The task - Print the listing below exactly, images excluded.

Available data -
────────────────

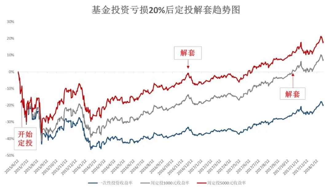 如果我们是已经身在市场中的投资者,面对下跌和震荡的市场,一次性投资会让自己陷入被动,只能被动等待市场上涨来慢慢收回本金。但是通过基金定投这样的投资方式,主动出击,会让我们在低点获得足够的份额摊薄成本,让解套的时间提前。
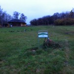 Lige et billede efter de har lavet en jordprøve på grunden.. og med et fint skilt hvor der står kvalitets hus på vej 😀
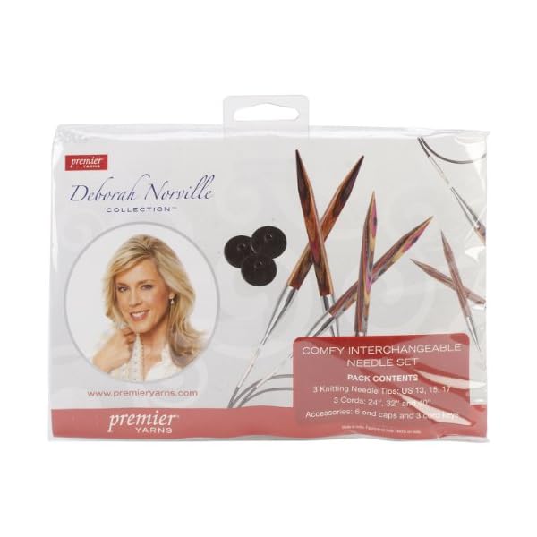 Premier YARNS-Deborah Norville: interchangeable set. Deborah Norville needles have you ever covered with a whole range of knitting needle and crochet hook styles and sizes. Beautifully dyed wood surface warms up quickly to your hands. The polished wood surface and smooth tapered points float effortlessly through any form of yarn. Stitches slide with ease over the graceful sign up for and along the coil-less cable making your next circular project a pleasure. This package accommodates three knitting needle tips (us 13, 15 and 17), three cords (24, 32 and 40 inches), six end caps and 3 cord keys. Imported.
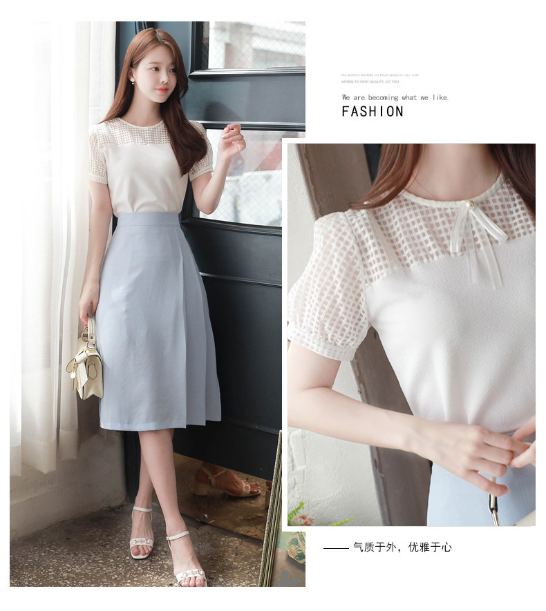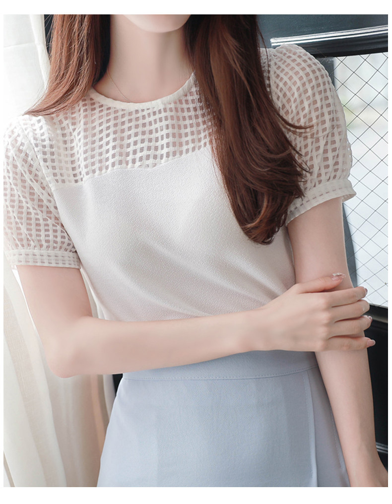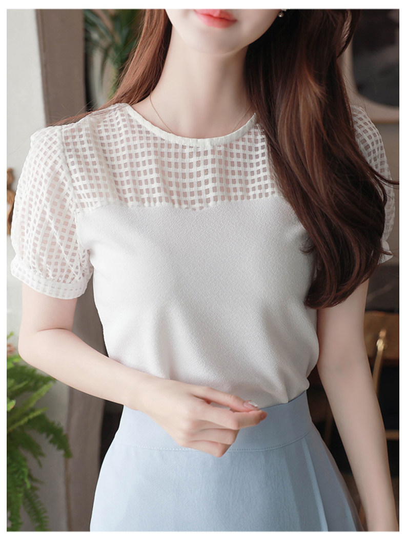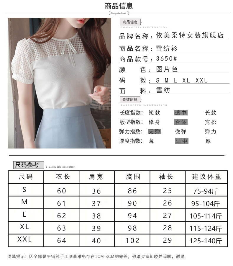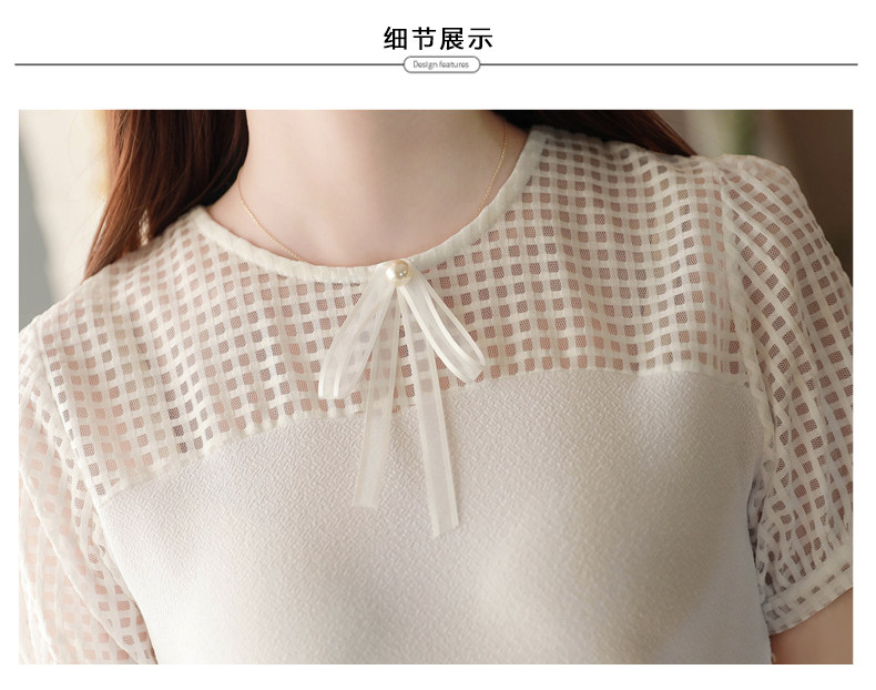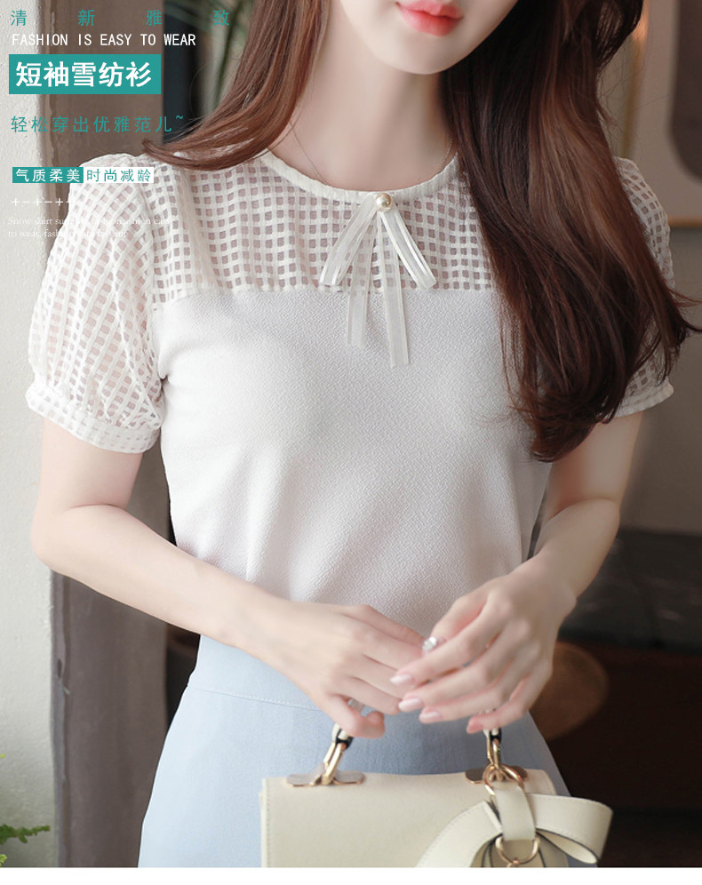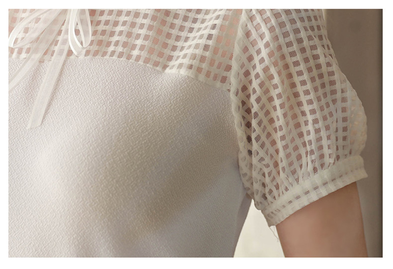 2025 новая летняя шифоновая рубашка с короткими рукавами, женственная кружевная строчка с бантом, рубашка в западном стиле, тонкая и тонкая

────────────────

Response -
 如果我们是已经身在市场中的投资者,面对下跌和震荡的市场,一次性投资会让自己陷入被动,只能被动等待市场上涨来慢慢收回本金。但是通过基金定投这样的投资方式,主动出击,会让我们在低点获得足够的份额摊薄成本,让解套的时间提前。
 Lige et billede efter de har lavet en jordprøve på grunden.. og med et fint skilt hvor der står kvalitets hus på vej 😀
 Premier YARNS-Deborah Norville: interchangeable set. Deborah Norville needles have you ever covered with a whole range of knitting needle and crochet hook styles and sizes. Beautifully dyed wood surface warms up quickly to your hands. The polished wood surface and smooth tapered points float effortlessly through any form of yarn. Stitches slide with ease over the graceful sign up for and along the coil-less cable making your next circular project a pleasure. This package accommodates three knitting needle tips (us 13, 15 and 17), three cords (24, 32 and 40 inches), six end caps and 3 cord keys. Imported.
 2025 новая летняя шифоновая рубашка с короткими рукавами, женственная кружевная строчка с бантом, рубашка в западном стиле, тонкая и тонкая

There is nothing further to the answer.